Sexually transmitted infection screening to prevent adverse birth and newborn outcomes: study protocol for a randomized-controlled hybrid-effectiveness trial

Andrew Medina-Marino, Susan Cleary, Christina A Muzny, Christopher Taylor, Ashutosh Tamhane, Phuti Ngwepe, Charl Bezuidenhout, Shelley N Facente, Koleka Mlisana, Remco P H Peters, Jeffrey D Klausner, Andrew Medina-Marino, Susan Cleary, Christina A Muzny, Christopher Taylor, Ashutosh Tamhane, Phuti Ngwepe, Charl Bezuidenhout, Shelley N Facente, Koleka Mlisana, Remco P H Peters, Jeffrey D Klausner

Abstract

Background: Sexually transmitted infections (STIs) during pregnancy are associated with adverse birth outcomes, including preterm birth, low birth weight, perinatal death, and congenital infections such as increased mother-to-child HIV transmission. Prevalence of STIs among pregnant women in South Africa remains high, with most women being asymptomatic for their infection(s). Unfortunately, most STIs remain undetected and untreated due to standard practice syndromic management in accordance with World Health Organization (WHO) guidelines. Although lab-based and point-of-care molecular tests are available, optimal screening strategies during pregnancy, their health impact, and cost-effectiveness are unknown.

Methods: We will implement a 3-arm (1:1:1) type-1 hybrid effectiveness-implementation randomized-controlled trial (RCT). We will enroll 2500 pregnant women attending their first antenatal care (ANC) visit for their current pregnancy at participating health facilities in Buffalo City Metro District, Eastern Cape Province, South Africa. Participants allocated to arms 1 and 2 (intervention) will receive GeneXpert® point-of-care diagnostic testing for Neisseria gonorrhoeae, Chlamydia trachomatis, and Trichomonas vaginalis, with same-day treatment for detected infection(s). Arm 1 will additionally receive a test-of-cure 3 weeks post-treatment, while Arm 2 will receive a repeat test at 30-34 weeks' gestation. Those allocated to Arm 3 will receive syndromic management (standard-of-care). The RE-AIM framework will be used to guide collection of implementation indicators to inform potential future scale up. Primary outcome measures include (1) frequency of adverse birth outcomes among study arms, defined by a composite measure of low birth weight and pre-term delivery, and (2) change in STI prevalence between baseline and birth outcome among intervention arms and compared to standard-of-care. Estimates and comparative costs of the different screening strategies relative to standard-of-care and the costs of managing adverse birth outcomes will be calculated. Cost-effectiveness will be assessed per STI and disability-adjusted life year averted.

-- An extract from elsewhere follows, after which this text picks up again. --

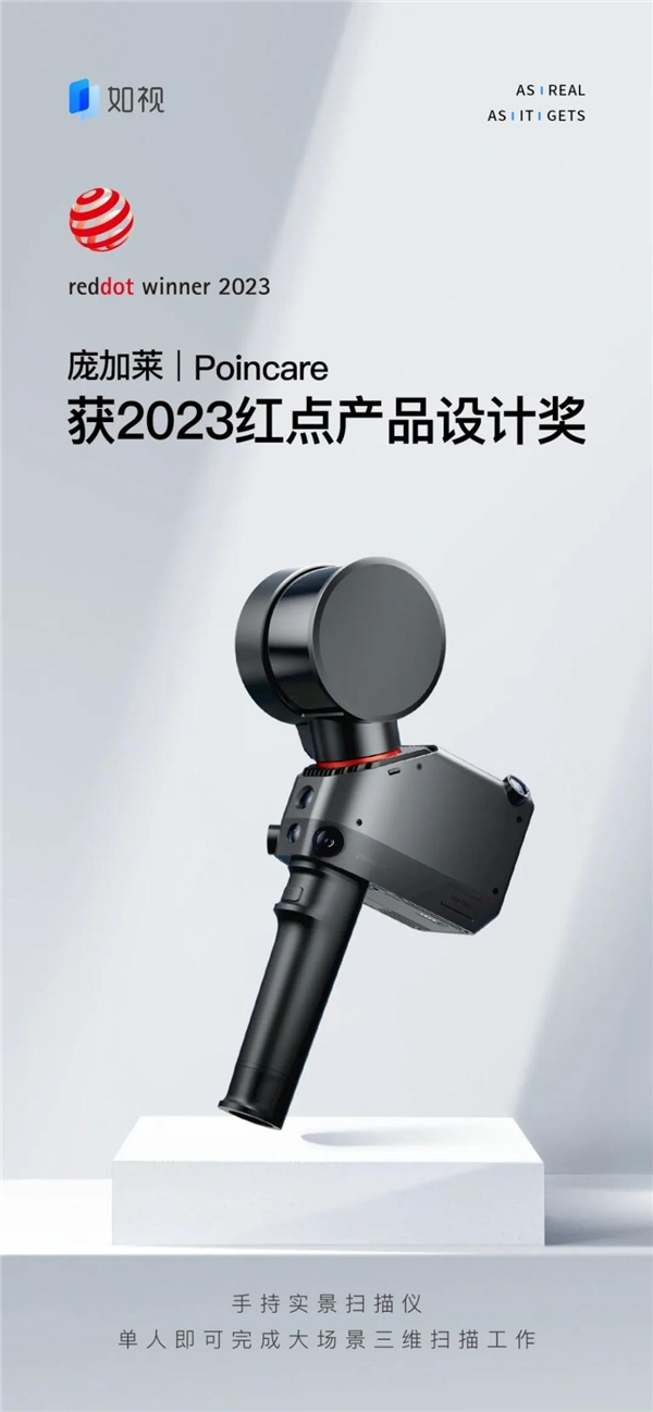 近日,数字空间综合解决方案引领者如视推出了手持实景扫描仪——庞加莱,产品一经发布,就引起了社会各界的广泛关注。与此同时,有着“设计界奥斯卡”之称的德国红点设计大奖(Red Dot Design Award)也发来了好消息,庞加莱凭借其设计理念、风格及呈现,荣获 “2023年产品设计奖”(Product Design 2023)。

Discussion: This trial is the first RCT designed to identify optimal, cost-effective screening strategies that decrease the burden of STIs during pregnancy and reduce adverse birth outcomes. Demonstrating the impact of diagnostic screening and treatment, compared to syndromic management, on birth outcomes will provide critical evidence to inform changes to WHO guidelines for syndromic management of STIs during pregnancy.

Trial registration: ClinicalTrials.gov NCT04446611 . Registered on 25 June 2020.

Keywords: Antenatal care; Cost-effectiveness; Low birth weight; Preterm birth; STI screening; STIs; Pregnancy; Sexually transmitted infections; Syndromic management.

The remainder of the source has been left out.